Date: Tue, 29 Nov 2022 12:21:20 -0500	[thread overview]
Message-ID: <87edtlptgv.fsf@laura> (raw)

Greetings Guilers,

There's been a discussion on the state of debugging with Guile on the
guix-devel mailing list.  Here's the relevant link if you want the full
discussion:
<https://lists.gnu.org/archive/html/guix-devel/2022-11/msg00283.html>
which is a reply to <https://issues.guix.gnu.org/issue/58812#id=33>.

I'm going to resume what I've gather here.  I've mainly cutoff Guix
related stuff.  I'm also putting names here for the sake of clarity.

I think it would be interesting to have more inputs from the Guile users
at large -- outside of Guix -- on that topic.  From my personal
experience and the echo I get back from other users, the debugging
experience in Guile is frustrating.

Things I've gather in this reading and on the IRC with other users.
This is by no way a wish list, but simply ideas to improve the debugging
experience:

  1. Documentation on debugging should be improved.  e.g.
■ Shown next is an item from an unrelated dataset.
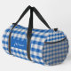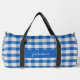 Individuelle Name Monogramm Duffle-Tasche Dieses einzigartige Duffel-Design ist whimsical und stilvoll. Der Hintergrund besteht aus einem abstrakten, klassisch blauen Hintergrund. Auf der Vorderseite steht Ihr individuelle Name oder kurzer Text in stylish weißem Schrift auf einem passenden blauen Band. Alle Farben in diesem Design können individuell angepasst werden und Sie können die Tasche mit Ihrer Wahl des Schriftartes im Bereich Design Tool weiter personalisieren.

The `pk`
     procedure.

  2. A tutorial on how to debug a project with `pk` and the REPL.

  3. A single-step (instruction and line) debugger.

  4. Integration in GDB.  e.g. GDB could insert breakpoints in Scheme
     code.

  5. Maybe not make a debugger with a paradigm for language like C but
     instead take inspiration from other Scheme implementation like
     Racket.

Resume start here:

zimon:

  Preparing some materials for introducing Guile to GuixHPC folk, I am
  trying to collect some tips and, if I am honest, the debugging
  experience with Guile is really poor; compared to others (as Python).
  For example, DrRacket provides an easy and nice user experience

  Well, IMHO, we are somehow suffering from some Guile limitations and
  improvements in this area are an hard task.

Maxim:

  I also agree!  It's hard to convince people to pick Guile for their
  project when there is:

  1. Lack of a debugger that can break and step anywhere in your source
     code
     
  2. Lack of debugger integration to an IDE (it's not even integrated
     into Emacs)

  Perhaps we should assemble a Guile debugger workgroup that'd review
  what's broken, what's missing, what can be borrowed from other Scheme
  or languages for inspiration

Ludo:

  Well, Guile has a debugger that lets you do that [...] Geiser is not
  Visual Studio™ but it does a good job.

  Also, [...] I mentioned before that I almost never use breakpoints on
  Guile code [...]  because it’s rarely the right tool for the job.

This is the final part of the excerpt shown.